Friday, 26 March 2010

Orange Mud Cups

This week I had a go at combining two of my favourite cakes, the chocolate brownie and the lemon drizzle. Only, y'know, with orange because then it would be chocolate orange which is probably better than chocolate lemon. Anyway, the results were astonishing.

(makes 16 cupcakes)
185g butter
185g dark chocolate
3 eggs
275g golden caster sugar
1 medium-large orange
85g plain flour
40g cocoa powder
6 tablespoons icing sugar


# Put a small pan of water on to boil, and put a bowl on top. Make sure the bowl doesn't touch the water. Chop up butter and chocolate and melt them together in the bowl. Keep stirring and don't let it burn. That would be horrible. When it's all blended, take it off the stove.

# Turn your oven to Gas 4, 177c, 350f.

# Crack eggs into a large mixing bowl and pour sugar on top. Beat with an electric whisk for AGES. It does take ages. If you can do it with one of them olde fashioned acoustic whisks, then I commend your wrist action.
Whip until the mixture is really thick like an amazing custard.

# Grate the zest of your orange. Put about a quarter of it aside for later, stir the rest into the melty chocolate butter, which should be quite cool now.

# Pour melty chocolate orange butter into the egg mousse and use a spatula to fold it in. Keep stirring gently until it is well blended and you can no longer resist eating some.

# Sift flour and cocoa powder into the mix and stir again until it is looking like a cake batter.

# Set out a cupcake tray with paper cases and spoon about a tablespoon and a half of mixture into each. The cakes are going to rise quite dramatically in the oven, but will shrink again, so be generous. Pop in the oven for 15-20 minutes

(At this point I would like to say that doing them as cupcakes was a bit of a mistake on my part. What would work really well is greasing 8 or so ramekins with butter, splitting the mixture between them, and baking for about 30 minutes.)

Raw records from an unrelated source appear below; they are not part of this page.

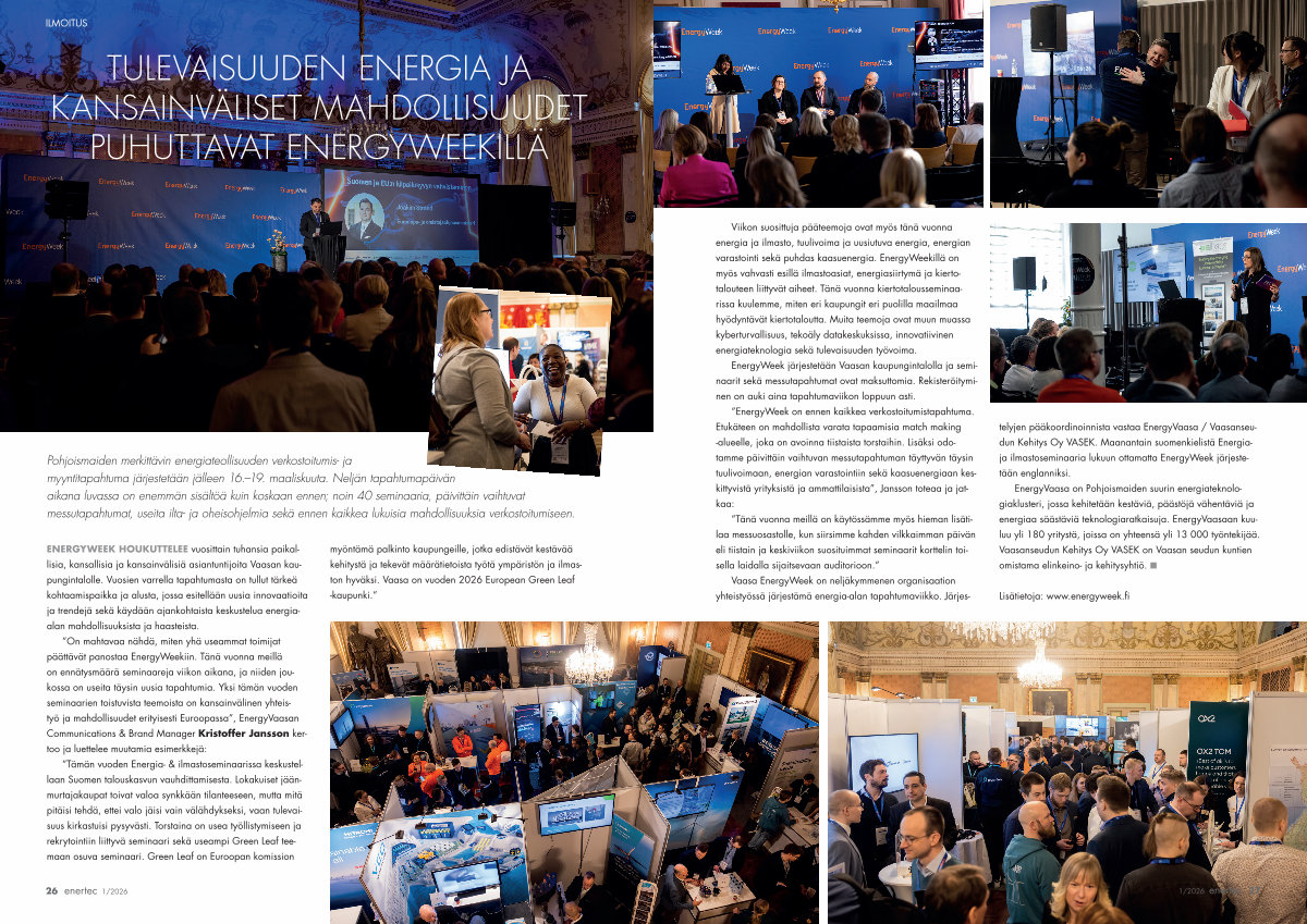 EnergyWeek järjestetään Vaasan kaupungintalolla ja seminaarit sekä messutapahtumat ovat maksuttomia. Rekisteröityminen on auki aina tapahtumaviikon loppuun asti.
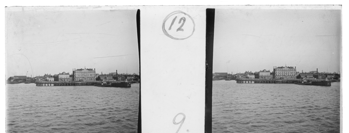 'Vy in mot Harwich med hamn, båt och byggnader. :: Enligt text till fotot: ''North Sea voyage. Harwich, from streamer.'' (Nordsjöseglats. Harwich sett från ångbåten.) :: :: Ingår i serie med fotonr. 5245:1-20, se även hela serien med fotonr. 5237-5267.'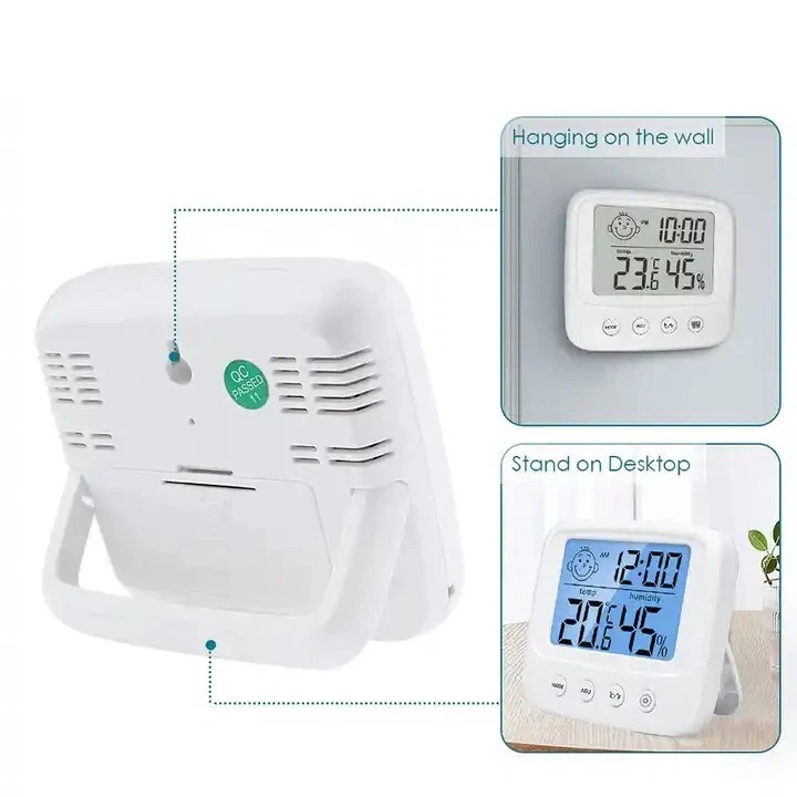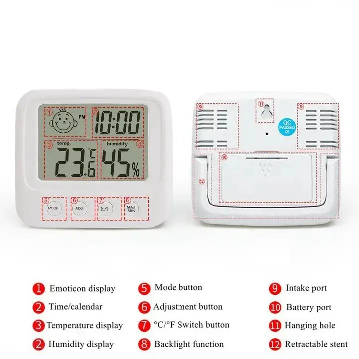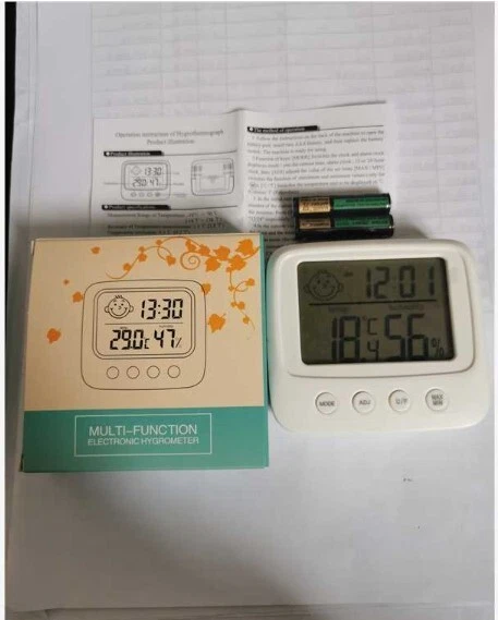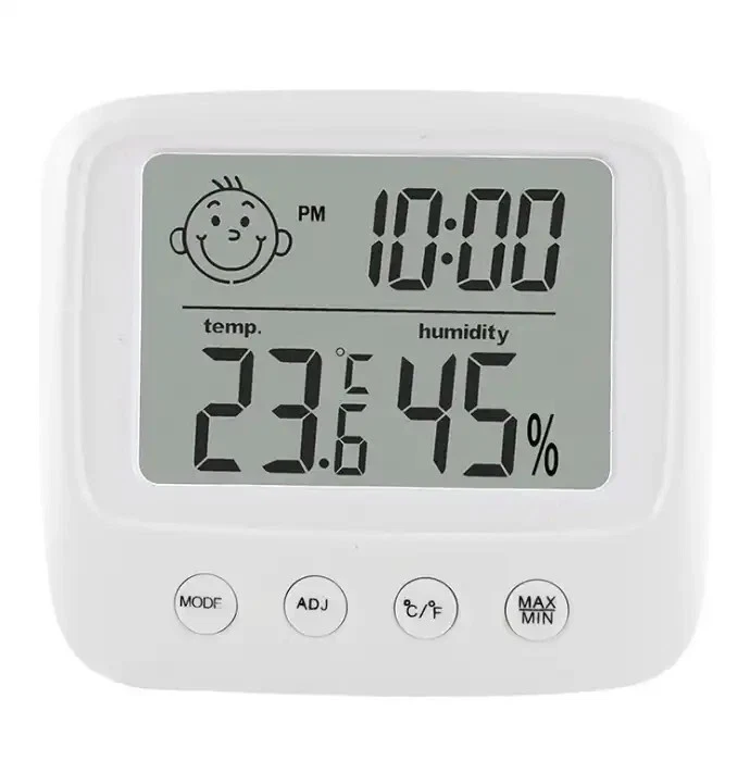 LCD Digital Temperature Humidity Meter Home Indoor Electronic Hygrometer Thermometer Baby Room E0828 Product Description Description: This thermometer hygrometer can display temperature and humidity in real time. This digital thermometer hygrometer is accurate and the temperature range is -50℃ to 70℃, humidity range is 10% to 99%. This digital thermometer hygrometer features a cartoon indicator to show comfort. This room temperature humidity meter allows you to switch between two units: ℃ or ℉. This digital thermometer has 3 buttons that make you can easily set the time and mode. Specifications: Color: White. Material: ABS. Temperature measurement range: -50℃ to 70℃. Humidity measurement range: 10% to 99% (RH). Temperature measurement accuracy: 1℃. Humidity measurement accuracy: 5%RH. Temperature measurement error: ±1℃. Humidity measurement error: ±5%RH. Temperature resolution: 0.1℃. Power supply: 1.5V AAA Battery.(Not included) Size: 82x78x21mm. Note: There might be a bit color distortions due to different computer resolutions. There might be a slight errors due to different hand measurement. Package included: 1x Electronic digital thermometer. Temperature range: -50 ~ +70℃ (-58 ~ +158 ℉) Humidity range: 10% -99% RH (relative humidity) Temperature resolution: 0.1 ℃ (0.2 ℉) Accuracy: ± 1 ℃ (1.8 ℉) Resolution: 1% RH Humidity Accuracy: ± 5% RH (40% -80%) Power Supply: 1 x 1.5V (AAA type) (included)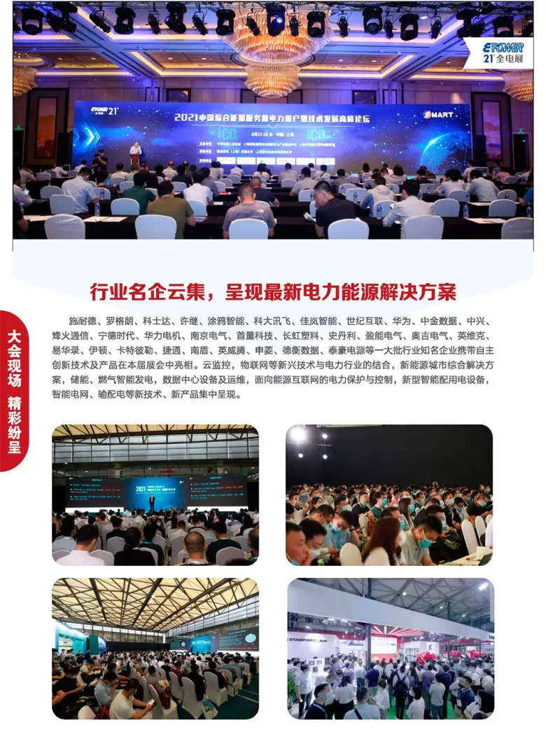 全电展-中国上海全电展(EPOWER)由中国电器工业协会、中国电工技术学会、上海市节能协会分布式供能专业委员会共同举办。覆盖全产业链、呈现电力行业解决方案。

# While the cakes are baking, juice your orange and put that bit of left over zest in it. Sift in the icing sugar and dissolve it until you have a syrup.

# Test if cakes are done. They should be reasonably solid around the edges and have a crispy brownie-like crust, but very squishy if you poke the middle. Remove from oven if they're done, give them a couple of extra minutes if not.

# Once they're ready, prick the tops of the cakes with a skewer (or fondue fork) and pour about a tablespoon of the orange syrup onto each cake and leave for a few minutes to absorb. This is sticky and horrible and amazing.

# Eat a cake now if you wish. They are amazing warm, but they do rather fall apart, so get a spoon. If you do the cupcake version, leave them to cool completely and microwave for about 15 seconds to serve. If you do the mini-soufflé version, serve immediately with good vanilla ice-cream and pretend you've made a very posh orange chocolate fondant pudding, when what it really is is a Mud Cup.


Amanda said...

Where's the Horror in this?! I want one. Can you come and live in my kitchen?

howlie, said...

*is hungry*
I made chocolate orange fairy cakes not so long ago, chocolate cake, then orange butter cream icing.